Okay, I’ll admit, I’m still a little obsessed with last year’s books, but slipping slowly into my must reads of the new year. And given this is my very first Críticas blog I’d like to state what I intend to write here before mentioning one book title. Each week I’d like to offer you a bit of the past, mixed with the now and what’s to come within the wide realm of Latin arts and culture, domestic and international. I’ll throw you some ideas from the zeitgeist that you can peruse through, giggle at, agree with, disagree with, nonetheless, information you can store away for thought.
     So allow me to begin by mentioning what I’d like to call “The Power Six”--- the six mighty books written by a Latino, Spanish, or Latin American writer that graced the prestigious “Best of 2007” book lists such as The New York Times’ and The Washington Post’s.  It doesn’t’ happen like this for us every year, folks.
     Let’s begin with Book 1: Translator on the rise and former PW staffer, Natasha Wimmer must have smiled big when her translation of the veneered Chilean novelist Roberto Bolaño’s novel The Savage Detectives (Farrar, Straus & Giroux ) made the Times’s Top Ten of 2007. We’re smiling big with her.
     Books 2, 3, and 4: Edith Grossman, the grand dame of translation, also had a good year with three of her translations hitting both lists: Mario Vargas Llosa’s Bad Girl (FSG), Mayra Montero’s Dancing to Almendra (FSG) and Carmen Laforet’s Nada (RandomHouse), which is nothing short of brilliant. Grossman is currently translating Carlos Fuentes’ Todas las familia felices (All The Happy Families, Alfaguara) and will begin work on Santiago Roncagliolo’s Abril rojo (Red April, Alfaguara) this year.
     Books 5 and 6:  It’s also nice to see two good friends with new books in the same year both celebrated on the Times’ list: A round of applause for Junot Díaz’ The Wonderful Life of Oscar Wao (Penguin) and Fransico Goldman's The Art of the Political Murder: Who Killed the Bishop? (Grove). It seems like just yesterday Junot was staying with Francisco in Mexico thinking about writing his first novel.
     Looking at 2008 there’ll be a lot of rising new talent to keep on eye out for. In this blog and in my fellow bloggers’ columns, we want to keep you abreast to things that may have not caught your eye.
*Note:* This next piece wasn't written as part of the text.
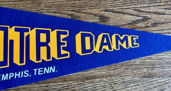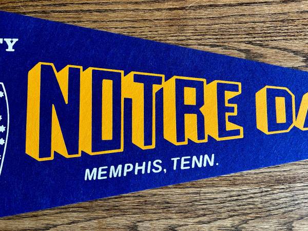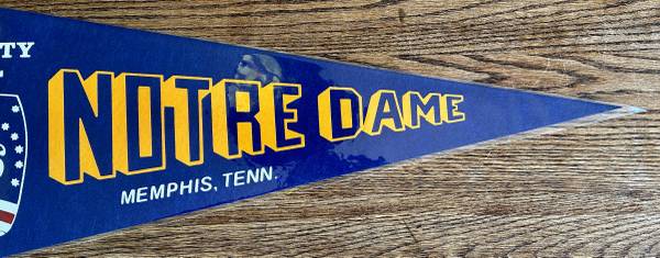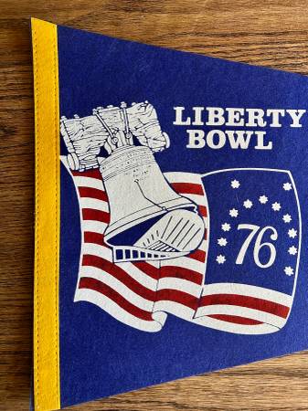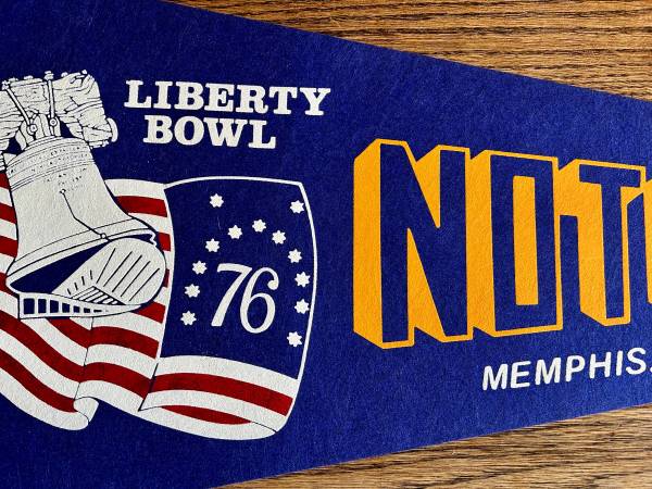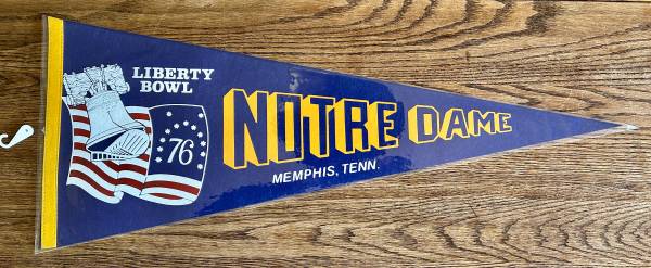 RARE VINTAGE 1976 NOTRE DAME LIBERTY BOWL PENNANT MINT CONDITION WITH PLASTIC SLEEVE. $70

It’s hard to weed through the new release lists searching for Latino surnames, so let me do that for you with my sharpened trimmers. For starters, check out the debut novel, When the Ground Turns in Its Sleep (Riverhead) by  Sylvia Sellers-García this month or Benjamin Saenz’s latest novel, Names on a Map (HarperCollins) in February.

 

 

Posted by Adriana V. Lopez on January 24, 2008 | Comments (2)


January 24, 2008
In response to: The Power Six, Rewind, Fast Forward
Bobby Byrd commented:

Adriana, Great to see your blog on Criticas. And The Savage Detectives is truly one of the best novels I've read in a long time. I keep looking for myself in the pages. I must have been there somehow, hanging out at some party in Coyoacan when Ulises Lima and Arturo Belano walked into the smoke and said hello. Next up is The Wonderful Life of Oscar Wao.